[Raw data Boundary: Start]

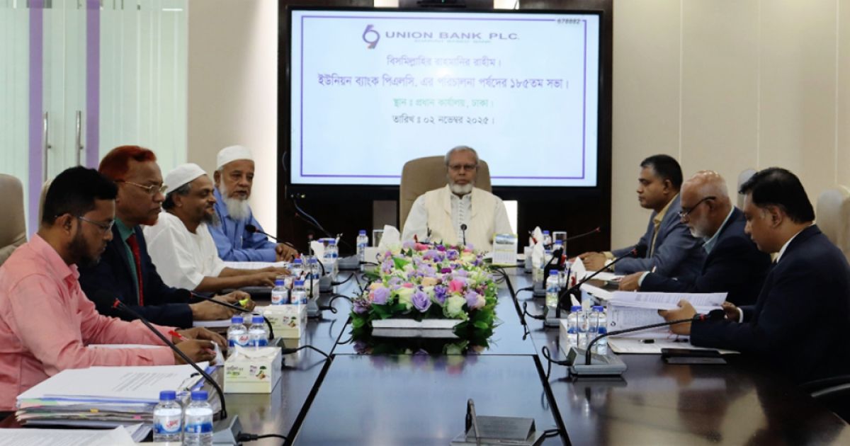 ইউনিয়ন ব্যাংক পিএলসি. এর পরিচালনা পর্ষদের ১৮৫তম সভা ব্যাংকের প্রধান কার্যালয়, গুলশান-১, ঢাকায় অনুষ্ঠিত হয়। সভায় সভাপতিত্ব করেন ব্যাংকের পরিচালনা পর্ষদের সম্মানিত চেয়ারম্যান জনাব মুঃ ফরীদ উদ্দীন আহমদ। সভায় পর্ষদের ঝুঁকি ব্যবস্থাপনা কমিটির চেয়ারম্যান জনাব মোঃ হুমায়ুন কবীর, নিরীক্ষা কমিটির চেয়ারম্যান জনাব শেখ জাহিদুল ইসলাম, এফসিএ, স্বতন্ত্র পরিচালক ড. শহিদুল ইসলাম জাহীদ এবং ব্যাংকের ব্যবস্থাপনা পরিচালক ও সিইও জনাব মোঃ হুমায়ুন কবির উপস্থিত ছিলেন। এছাড়াও উপ-ব্যবস্থাপনা পরিচালক জনাব মোহাম্মদ ইকবাল এবং জনাব মিজানুর রহমান কার্যোপলক্ষে সভায় যোগদান করেন। সভায় ব্যাংকের ব্যবসা সম্প্রসারণ ও গ্রাহকসেবার মান বৃদ্ধিকল্পে ইস্যুভিত্তিক বিশদ পর্যালোচনান্তে গুরুত্বপূর্ণ সিদ্ধান্ত গৃহীত হয়।
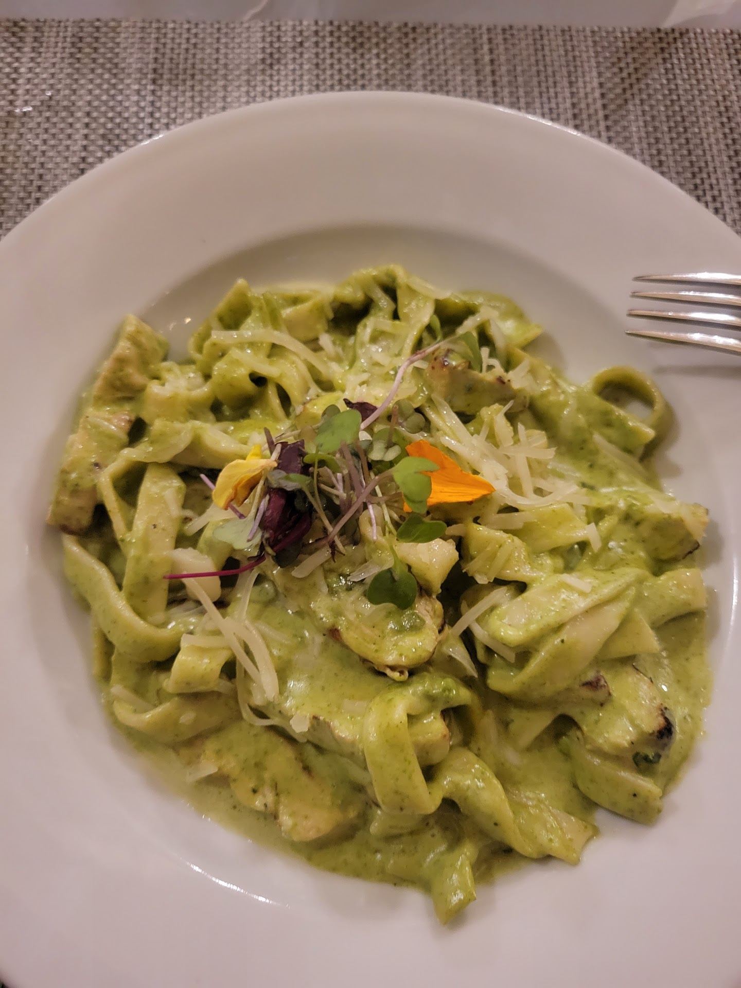 Our hotel recommended this place. A little difficult to find the entrance to as Gmaps doesn't give you the entrance. Let me say that first the service was great. Loved our waiter. The drinks were superb and there was enough of a "tropical" selection that you feel like you aren't at home. I looked at the menu online and fell in love with a few options. Please know the food was good! But the menu changes often, so don't set your heart on anything. The chicken pasta was good. I needed a bit of salt, but I would order again. It wasn't what I imagined the lobster pasta would have been (don't set your heart on an old menu!)or the ceviche. My sweetheart got the skirt steak and it was great! He loved the beabs and rice side. I'm not fond of beans and rice, but I will say it was good. They didn't have the coconut ice cream I had my heart set on (not on menu) or guava cheesecake (on menu). My sweetheart loved the little flan. The drink menu was the best. Try everything on it! Overall, I would go back, but after looking at the menu. The place the G Maps takes you when looking for this place had a...
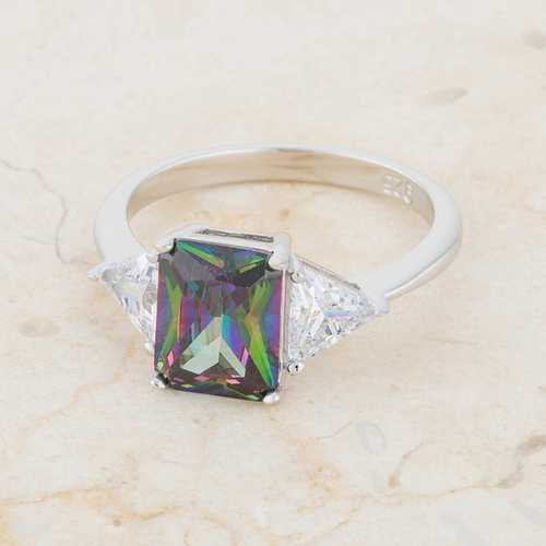 A pair of clear trillion cut stones accompany a sapphire emerald cut center stone in this elegant 4.5 carat engagement ring. A modern twist on a classic piece. Our genuine rhodium finish is achieved using an electroplating process that coats the item with heavy layers of rhodium a close cousin to platinum. This gives our jewelry a platinum luster.

[Raw data Boundary: End]

Leave out the pictures and reproduce the rest of the listing exactly.

 ইউনিয়ন ব্যাংক পিএলসি. এর পরিচালনা পর্ষদের ১৮৫তম সভা ব্যাংকের প্রধান কার্যালয়, গুলশান-১, ঢাকায় অনুষ্ঠিত হয়। সভায় সভাপতিত্ব করেন ব্যাংকের পরিচালনা পর্ষদের সম্মানিত চেয়ারম্যান জনাব মুঃ ফরীদ উদ্দীন আহমদ। সভায় পর্ষদের ঝুঁকি ব্যবস্থাপনা কমিটির চেয়ারম্যান জনাব মোঃ হুমায়ুন কবীর, নিরীক্ষা কমিটির চেয়ারম্যান জনাব শেখ জাহিদুল ইসলাম, এফসিএ, স্বতন্ত্র পরিচালক ড. শহিদুল ইসলাম জাহীদ এবং ব্যাংকের ব্যবস্থাপনা পরিচালক ও সিইও জনাব মোঃ হুমায়ুন কবির উপস্থিত ছিলেন। এছাড়াও উপ-ব্যবস্থাপনা পরিচালক জনাব মোহাম্মদ ইকবাল এবং জনাব মিজানুর রহমান কার্যোপলক্ষে সভায় যোগদান করেন। সভায় ব্যাংকের ব্যবসা সম্প্রসারণ ও গ্রাহকসেবার মান বৃদ্ধিকল্পে ইস্যুভিত্তিক বিশদ পর্যালোচনান্তে গুরুত্বপূর্ণ সিদ্ধান্ত গৃহীত হয়।
 Our hotel recommended this place. A little difficult to find the entrance to as Gmaps doesn't give you the entrance. Let me say that first the service was great. Loved our waiter. The drinks were superb and there was enough of a "tropical" selection that you feel like you aren't at home. I looked at the menu online and fell in love with a few options. Please know the food was good! But the menu changes often, so don't set your heart on anything. The chicken pasta was good. I needed a bit of salt, but I would order again. It wasn't what I imagined the lobster pasta would have been (don't set your heart on an old menu!)or the ceviche. My sweetheart got the skirt steak and it was great! He loved the beabs and rice side. I'm not fond of beans and rice, but I will say it was good. They didn't have the coconut ice cream I had my heart set on (not on menu) or guava cheesecake (on menu). My sweetheart loved the little flan. The drink menu was the best. Try everything on it! Overall, I would go back, but after looking at the menu. The place the G Maps takes you when looking for this place had a...
 A pair of clear trillion cut stones accompany a sapphire emerald cut center stone in this elegant 4.5 carat engagement ring. A modern twist on a classic piece. Our genuine rhodium finish is achieved using an electroplating process that coats the item with heavy layers of rhodium a close cousin to platinum. This gives our jewelry a platinum luster.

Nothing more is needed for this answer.